Pick an Obama scandal and the media skipped it, covered it up, or buried it beneath some bogus outrage about the right
… the political bloc that most helped push Obama to reelection was the American media
writes
Dan Gainor.
All throughout election night, pundits and reporters were talking about the economy and how that had impacted the campaign. That was seldom the story the news media told throughout the election.
According to several exit polls, Romney’s lead on the economy was small
and many voters actually thought it was improving, despite years of
economic cataclysm. “But Romney is winning early on a key question in
the exit poll: Who can better handle the economy? He scored 49 percent
to Obama's 48 percent there, though those numbers are still moving,”
reported ABC.
No wonder. Networks that hammered President George W. Bush for high gas
prices and high unemployment gave their candidate almost a complete pass
– blaming Bush more than twice as much as Obama. On Election Day,
unemployment was 7.9 percent, actually higher than it had been when
Obama took office. Debt, deficit and underemployment were off the
charts.
Obama didn’t win despite the numbers. He won because the media didn’t
report them. They spent an entire campaign promoting social issues –
abortion, gay marriage and more – where journalists near 100 percent
support. The onslaught against GOP candidates was huge. The left/media
strategy was merely to link Romney with any social conservative they
could and hype what that candidate said.
Media Research Center President L. Brent Bozell
summed up the campaign news coverage by calling journalism “roadkill.”
“The media lauded Obama no matter how horrendous his record, and they
savaged Obama’s Republican contenders as ridiculous pretenders,” he
wrote.
On Election Day, the media did what they always do – blamed
conservatives. CNN’s Anderson Cooper asked the question whether “the
Republican Party went too far to the right.” Earlier in the evening,
Chief Political Analyst Gloria Borger blamed the Tea Party for Senate
losses, instead of crediting them with motivating GOP grassroots voters.

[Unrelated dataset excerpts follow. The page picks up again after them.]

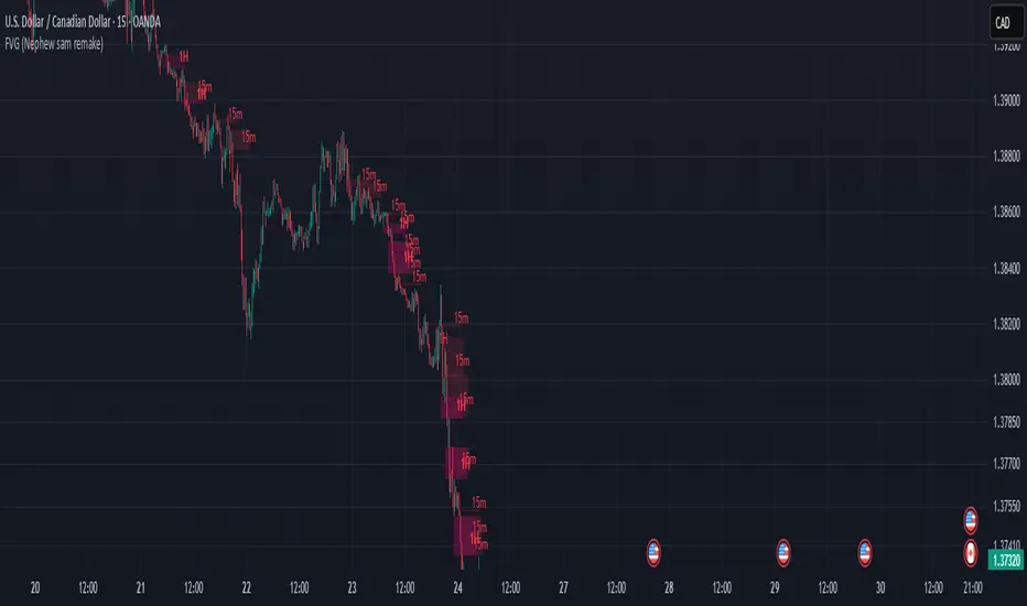 Hello i am making my own FVG script inspired by Nephew Sam as his fvg code is not open source. My goal is to replicate his Script and then add in alerts and more functions. Thus, i spent few days trying to code. There is bugs such as lower time frame not showing higher time frame FVG.
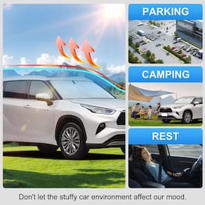 Para-sol para carro - ?Específico do veículo e ajuste personalizado perfeito?Para-sol PinBaoLaLa compatível com acessórios Toyota Highlander 2020, 2021, 2022, 2023, 2024 e 2025. Cobre totalmente o seu para-brisa, sem lacunas, ajuste 100% perfeito. Oferece desempenho superior em condições de clima quente, garantindo que seu carro permaneça mais frio - ?Durabilidade em que você pode confiar?Feito de poliéster 240T premium, nosso para-sol de para-brisa é projetado para durar e resistir ao desgaste ao longo do tempo, bloqueia 99,79% dos raios UVA e 99,95% dos UVB e FPS 100 e FPS 50+. Mantenha o seu carro mais fresco e evita que os assentos de couro rachem e desbotem. Ótimos acessórios internos de proteção térmica para o para-brisa do seu carro - ?Compacto e fácil de usar?pop-up, instale e dobre em segundos! O design dobrável permite fácil armazenamento na bolsa incluída, tornando-o fácil de usar diariamente. Perfeito para quem procura opções dobráveis de para-sol para para-brisas - ?Proteção solar aprimorada?Você passou muito tempo no sol, compre agora. Por favor, não perca tempo, rejeite o calor. Este para-brisa de carro é essencial para uma condução confortável. Além disso, quando você viaja de carro ou precisa de uma soneca, estas persianas de para-brisa de ajuste personalizado podem bloquear 99,79% do brilho do sol e dos raios UV, dando a você e sua família mais proteção - ?Atendimento ao cliente para satisfação?Os protetores de sol PinBaoLaLa são personalizados para acessórios Highlander, específicos para veículos. Observe o modelo do carro, ano e versão antes de fazer o pedido. Se houver alguma dúvida sobre o item ou uso, sinta-se à vontade para entrar em contato conosco, ajudaremos você a resolver o problema com atendimento ao cliente amigável e resposta rápida
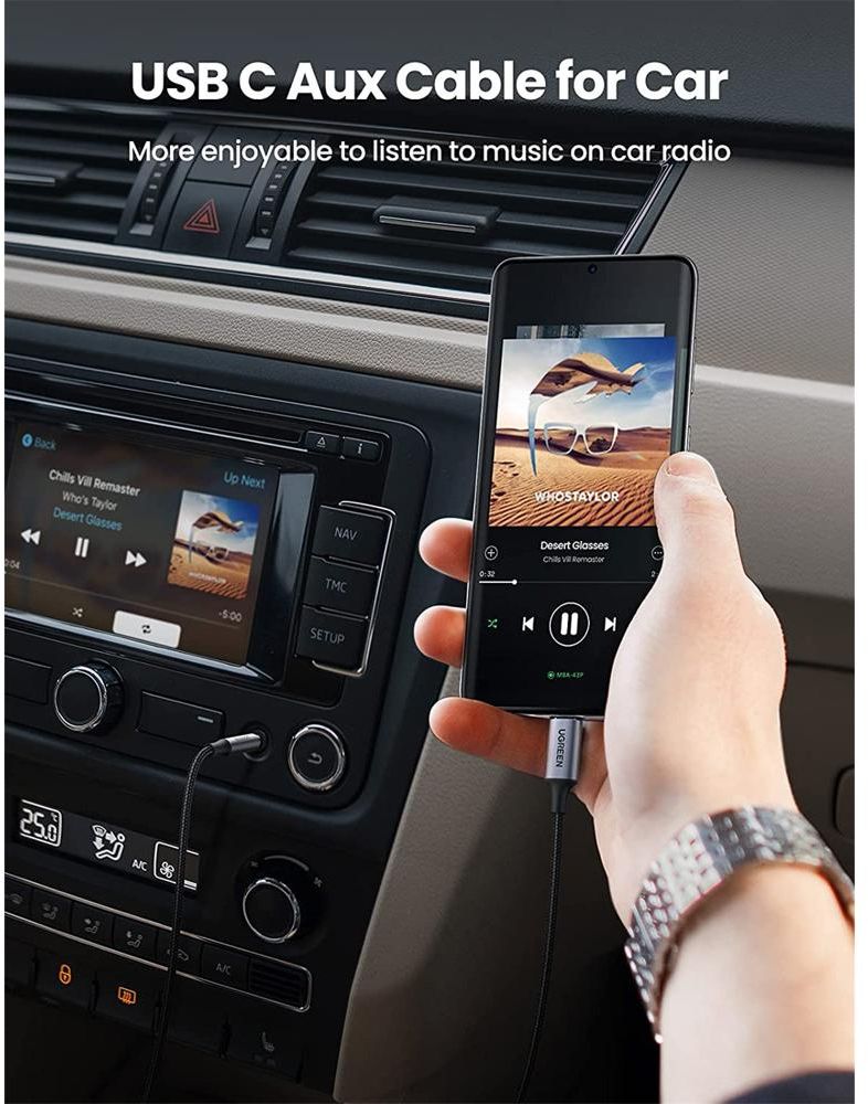 Audio Adapter 1 m, UGREEN CM450 (20192), Type-C Male To 3.5mm Male Audio Cable With Chip, Black/Gray.
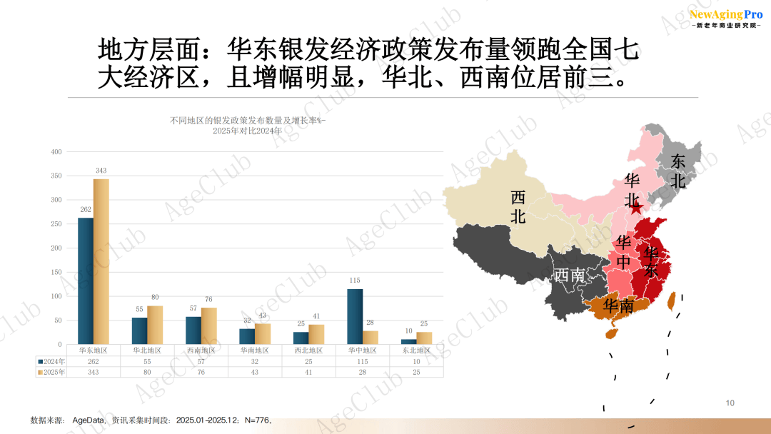从分地区来看,2025年华东地区全年发布343项银发经济政策,领跑七大经济区。华北地区、西南地区位列第二、第三名。
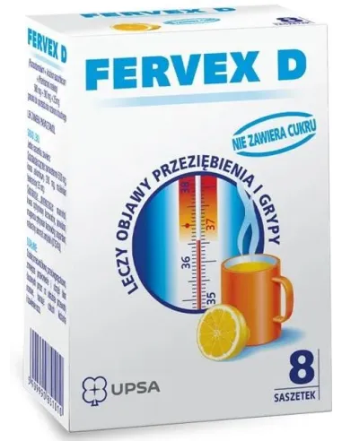 Fervex D jest lekiem złożonym. Paracetamol działa przeciwbólowo i przeciwgorączkowo. Maleinian feniraminy zmniejsza przekrwienie i obrzęk błon śluzowych, przez co udrażnia przewody nosowe, hamuje odruch kichania i łzawienie oczu. Kwas askorbowy uzupełnia niedobory witaminy C w organizmie. Lek wskazany do stosowania powyżej 15 roku życia. Nie zawiera cukru.
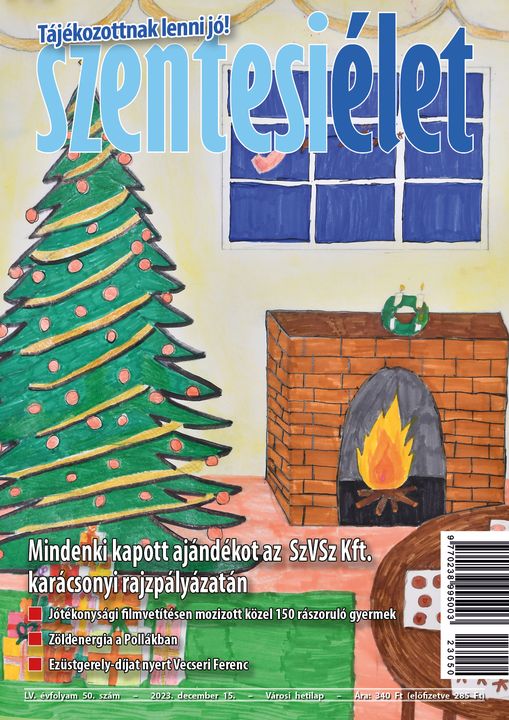 Az 55 éves Szentesi Élet címoldalán ezen a héten az SzVSz Kft. karácsonyi rajzpályázatának egyik győztes alkotása. Az egyéni és a csoportos kategória nyertesinek rajzait megtalálják a városi hetilap 8-9. oldalán.
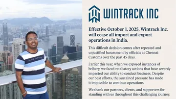 क्या है पूरा मामला?Wintrack Inc ने बुधवार की सुबह पोस्ट करते हुए लिखा कि 1 अक्टूबर, 2025 से, हमारी कंपनी भारत में इम्पोर्ट या एक्स्पोर्ट का सारा काम बंद कर देगी. उसने आरोप लगाया कि पिछले 45 दिनों से चेन्नई के कस्टम अधिकारी हमें लगातार परेशान कर रहे हैं. कंपनी ने कहा कि इस साल दो बार उनकी रिश्वतखोरी का पर्दाफाश किया, जिससे उन्होंने हमें परेशान करना शुरू कर दिया. इससे भारत में हमारे ऑपरेशन में अड़चनें आईं और हमारे बिजनेस को बड़ा नुकसान हो गया. कंपनी ने कहा है कि हम उन सभी का तहे दिल से शुक्रिया अदा करते हैं, जिन्होंने इस कठिन समय में हमारा साथ दिया.
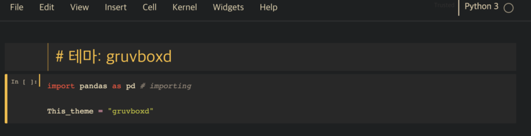 그래서 제가 테마별로 적용한 주피터 노트북 창 스크린샷을 준비해 봤습니다.
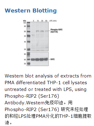 Receptor Interacting Protein 2 (RIP2) is a serine/threonine kinase with a carboxy-terminal caspase activation and recruitment domain (CARD). Association of RIP2 with the tumor necrosis factor receptor (TNFR) causes activation of NF-kB and induction of apoptosis (1-3). Expression of RIP2 is induced in macrophages upon exposure to bacterial cell wall components such as LPS. RIP2-deficient mouse models demonstrate that this kinase integrates and transduces signals for both the innate and adaptive immune system (4,5).Serine 176 is a regulatory autophosphorylation site and can be used to monitor the activation state of RIP2 (6).
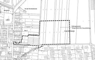 Der genaue räumliche Geltungsbereich des Bebauungsplanes ist in der obenstehenden Planskizze durch eine dick gestrichelte Linie umrandet (ohne Maßstab).
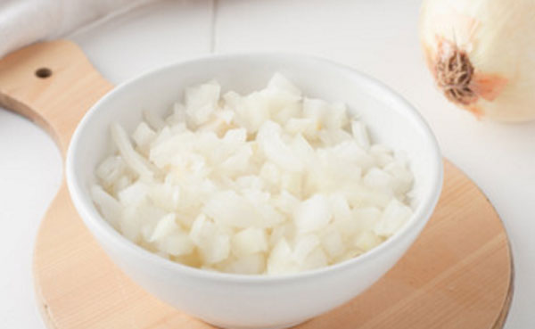 - Лук очищают, мелко крошат или измельчают на мясорубке.
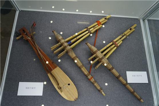 非遗展上展出的侗族牛腿琴(左)、苗族六管芦笙(右) 陈泽宇 摄
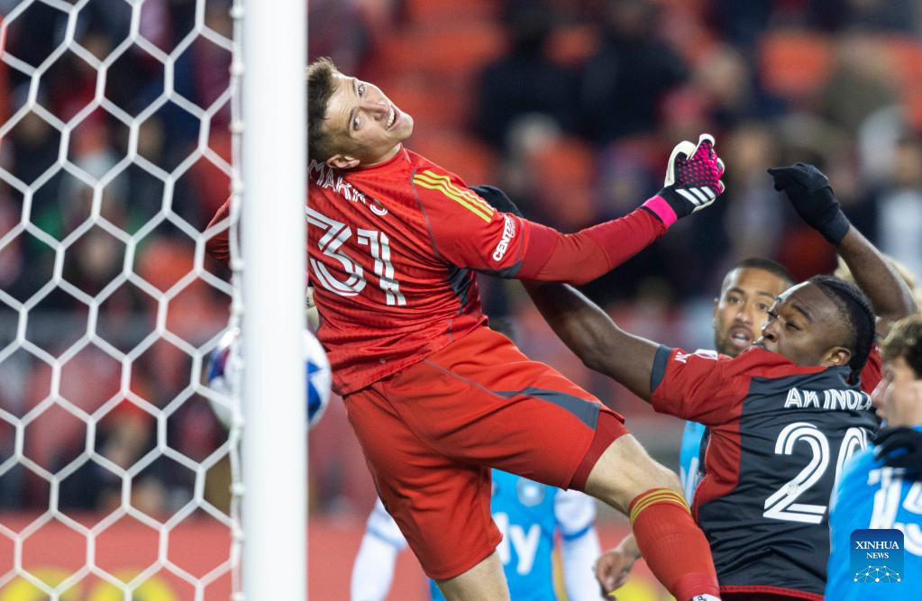 Goalkeeper George Marks (L) of Charlotte FC watches the ball flying into the goal during the 2023 Major League Soccer (MLS) match between Toronto FC and Charlotte FC at BMO Field in Toronto, Canada, on April 1, 2023. (Photo by Zou Zheng/Xinhua)

“Has the Tea Party really hurt the Republican chances in the last two
elections to take control of the Senate?” she asked.
NBC’s Chuck Todd echoed the theme, saying “The Republican party has some serious soul-searching to do.”
In the last days before the election, journalists resorted to one of
their old tricks – celebrating a “conservative” who goes off the
reservation (sorry, Sen. Warren) and backs the left. In this case, the
media foil was New Jersey Gov. Chris Christie
whose adoration of Obama in the post-hurricane era resembled a
school-boy crush and outlet after outlet celebrated the love story.
Liberal MSNBC
reveled in Christie’s comments. “The Last Word” ran a compilation of
Christie throwing his support to the president. Major media outlets
didn’t raise the question whether Christie was trying to boost his own
2016 campaign. Suspicious reporters might have asked whether Christie, who had been passed over for Romney’s VP slot, might have been a tad bitter.
Why that mattered is that exit polls indicated 41 percent of voters thought Obama’s storm performance had been either “important” or “most important” in their vote.
The campaign spin wasn’t new. Journalists consistently bashed Tea Party
candidates or downplayed their success like new Texas Sen. Ted Cruz. At
the same time, they ignored how incredibly radical the Democratic Party
had become.
Senate candidates Todd Akin and Richard Mourdock were savaged for
being out of the mainstream by the press. However, journalists yawned as
Democrats continued their massive leftward shift with Fauxcahontas
candidate Elizabeth Warren and the first openly gay senator, Wisconsin’s
Tammy Baldwin.
It was more than that. Pick an Obama scandal and the media skipped it,
covered it up or buried it beneath some bogus outrage about the right.
"Fast and furious," Libya, jobs, the collapse of Arab Spring, the failed
trillion-dollar stimulus, the cost of ObamaCare, the attack on
religious rights and even bowing to foreign leaders – none of them got
the press that made-up scandals about Romney received.
That bias culminated in a now famous debate scene with CNN’s Candy
Crowley where she incorrectly fact-checked Romney and boosted Obama.
Crowley’s action became the perfect metaphor for the bias of campaign
2012 – a media campaign far worse than 2008.
And the worst news of the night? Election 2016 starts today and somewhere journalists are already spinning the result.